Suppose you are back in my restaurant for some reason: maybe you are a health inspector, and you have to for your job. There are some fans in the wall of the restaurant blowing in air coming in from ducting, but you cannot see where the duct goes. Suppose your carbon dioxide meter is reading significantly higher than it did outside…

The most likely possibility is that the fans are not drawing in air from outside. Maybe the air conditioning outlet and the inlet are too close to each other. Maybe the incoming air is not missing with the restaurant air. I used to work in clean rooms ages ago, and it isn’t always obvious what the air does.

It could be that the air is being filtered and recirculated. This may mean the air is having any covid aerosols removed, and the carbon dioxide level does not correspond to the covid risk. This is the sort of thing they do in passenger aircraft because it is cheaper to filter and recirculate the air than to pressurise and warm the air from outside. This is unlikely to be economic for any public space. Again, it may not work depending on how the air mixes: there are worries that people spread infections on aircraft.

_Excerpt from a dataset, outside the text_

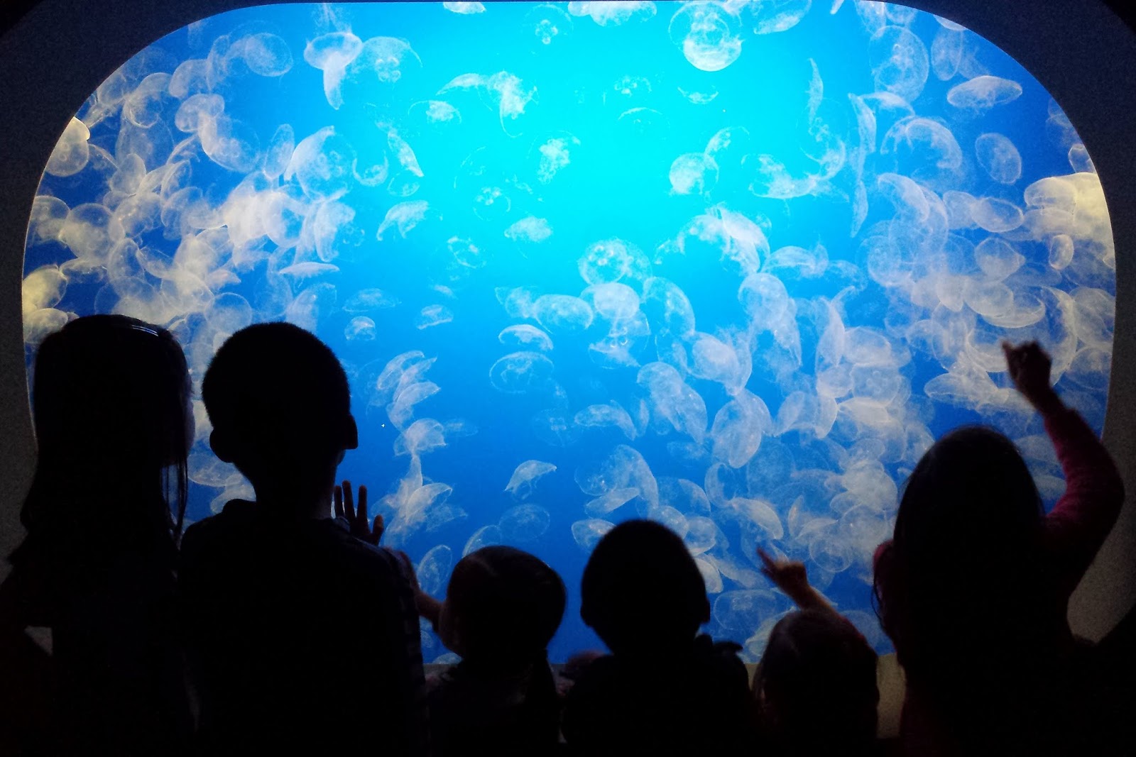 My favorites are always the deep sea tank (with hammerhead sharks, pelagic rays, huge tuna, and thousands of sardines!) and the jellyfish, but this time we spent some time watching the plovers in the aviary, whom we see in flocks at the beach all the time but never get very close to since they’re skittish in the wild.
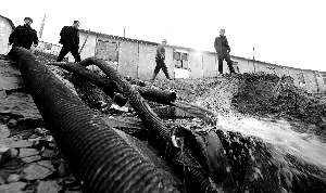 ●3月29日晚8時(shí) 4臺(tái)水泵安裝到位,開始抽水。

Public spaces might have a set limit to the carbon dioxide concentration over and above the ambient level outside. This may be a cheap and practical measure that may correlate with how healthy the air is. If you feel ill, you take your temperature. Your body temperature is not a measure of how many infectious bacteria you have in you at that moment, or how infectious you are. You may have just come out of a hot bath or sat in from of a roaring fire. But it is a handy measurement if we keep our common sense about us.

I would add the usual cop-out: I would like to see more research on this topic.

Reminds me of a story (Wired? mid-90’s?) of a chip fab’s clean room(s) went out of tolerance, and finding the cause was very difficult and time-consuming. The article mentioned that clean rooms can be finicky and require some “magic touches” to work correctly.

For fun, I made something like this with a $10 Raspberry Pi Zero, a $11 NDIR sensor from China, a $20 ePaper display, and a few dollars of plastic once I get around to printing a case. I imagine something professional would need some more refinement, but there’s a huge gap between $45 and $179. It’s too bad these kinds of things aren’t cheap and ubiquitous. We mainly use our sensors a reminder to open windows.